In February 2007, Kolesnikov writes, “Putin completed his foreign policy coming out at the Munich Security Conference, having in fact announced his further program of action” to restore Russia as a great power and the Kremlin as its controlling center. He then left things to Medvedev for a term, someone who wouldn’t challenge the regime Putin had set up.
That regime consisted of “the siloviki, the Orthodox chekists,’ the state oligarchs from among his friends, who had captured the national wealth, and state capitalism in the economy. As a result, Medvedev made little difference, and when Putin returned in his third “age,” he could continue in the directions he had pursued earlier.
In the protests against the elections, Putin “did not see a serious occasion to enter into dialogue with the square.” Instead, in order to maintain his system, he increasingly turned to repression to keep the people in line via a series of repressive laws and actions, Kolesnikov continues.

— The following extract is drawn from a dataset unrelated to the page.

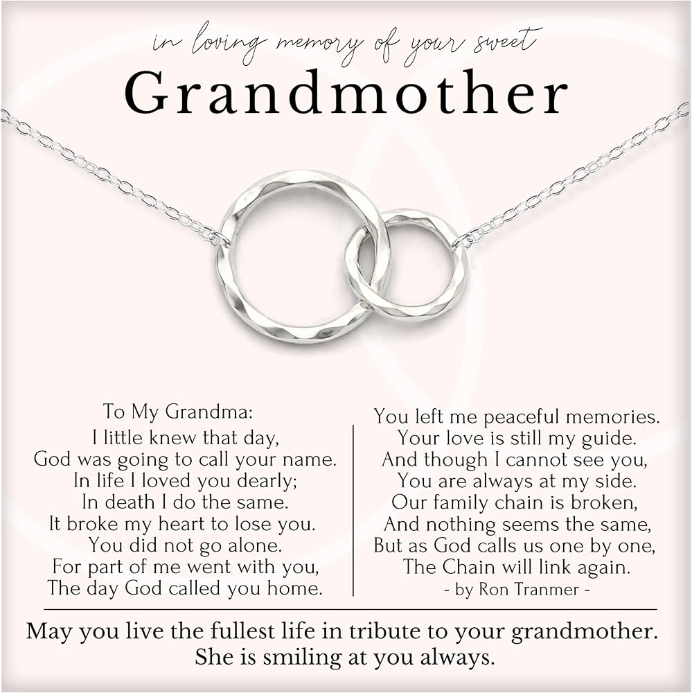 MEMORIAL JEWELRY: A beautiful double circle necklace for women in memory of a lost grandma. This piece of jewelry is the perfect sentimental keepsake symbolizing our cherished link to our loved ones in heaven.

Indeed, one can say that Putin in his third “age” “opened two fronts: one against the West and the second against the civil society of Russia.” His ratings fell off but then something unexpected happened: the patriotism generated by his war against Ukraine beginning in 2014 pushed his ratings higher than they had ever been.

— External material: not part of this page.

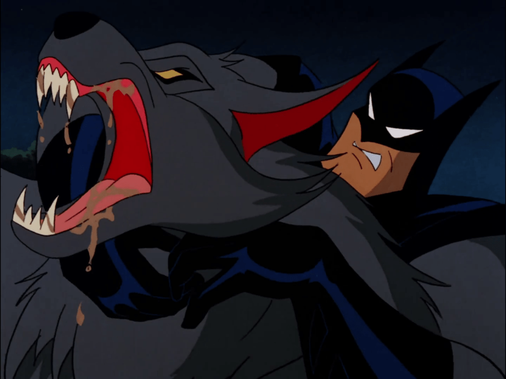 Batman intervenes and the two fight on a narrow bridge as the Caped Crusader tries to deliver one-liners. He abandons the fight after the monster hurls the guard into the river below. Bats rescues the guard but the werewolf bolts.
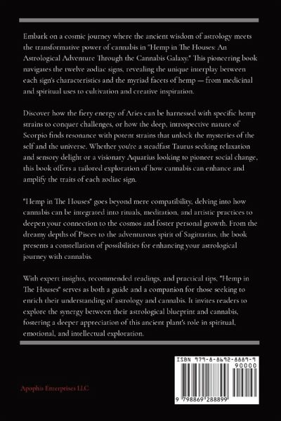 Embark on a cosmic journey where the ancient wisdom of astrology meets the transformative power of cannabis in "Hemp in The Houses: An Astrological Adventure Through the Cannabis Galaxy." This pioneering book navigates the twelve zodiac signs, revealing the unique interplay between each sign's characteristics and the myriad facets of hemp - from medicinal and spiritual uses to cultivation and creative inspiration. Discover how the fiery energy of Aries can be harnessed with specific hemp strains to conquer challenges, or how the deep, introspective nature of Scorpio finds resonance with potent strains that unlock the mysteries of the self and the universe. Whether you're a steadfast Taurus seeking relaxation and sensory delight or a visionary Aquarius looking to pioneer social change, this book offers a tailored exploration of how cannabis can enhance and amplify the traits of each zodiac sign. "Hemp in The Houses" goes beyond mere compatibility, delving into how cannabis can be integrated into rituals, meditation, and artistic practices to deepen your connection to the cosmos and foster personal growth. From the dreamy depths of Pisces to the adventurous spirit of Sagittarius, the book presents a constellation of possibilities for enhancing your astrological journey with cannabis. With expert insights, recommended readings, and practical tips, "Hemp in The Houses" serves as both a guide and a companion for those seeking to enrich their understanding of astrology and cannabis. It invites readers to explore the synergy between their astrological blueprint and cannabis, fostering a deeper appreciation of this ancient plant's role in spiritual, emotional, and intellectual exploration. Join us on this celestial adventure through the Cannabis Galaxy, where the stars align to illuminate the path to self-discovery, healing, and universal connection. "Hemp in The Houses" is more than a book; it's a gateway to a new dimension of cosmic harmony and earthly wisdom

But now five years later, he is experiencing falling ratings. The Crimean consensus has collapsed, and Russians say that “we are already great again,” but also say that they want to have a better life. In short, Putin’s two social contracts with the Russian people, one based on improving the standard of living and the other on hurrah patriotism have disintegrated.
Today, the New Times commentator says, “there is no new formula for a renewed contract.” And so Putin is relying on repression, surrounding himself with others whose only desire is that the current regime survive so that they can pass on their power and wealth to their offspring.
“Putin marked his 20th anniversary in power in a submarine at the bottom of the sea and then at a session of the Security Council where alongside him sat people who resemble those who would have been present in the Politburo under Brezhnev, Andropov or Chernenko, people who only want the present to continue because they have no vision of the future.
But neither they nor Putin know whether the present can be maintained forever by force alone. It almost certainly cannot as the end of the Soviet system demonstrated. And that raises the bigger question: is there any possibility that there will be a “fourth age” of Putin or will he and his system end in the dustbin of history as did his Soviet predecessors?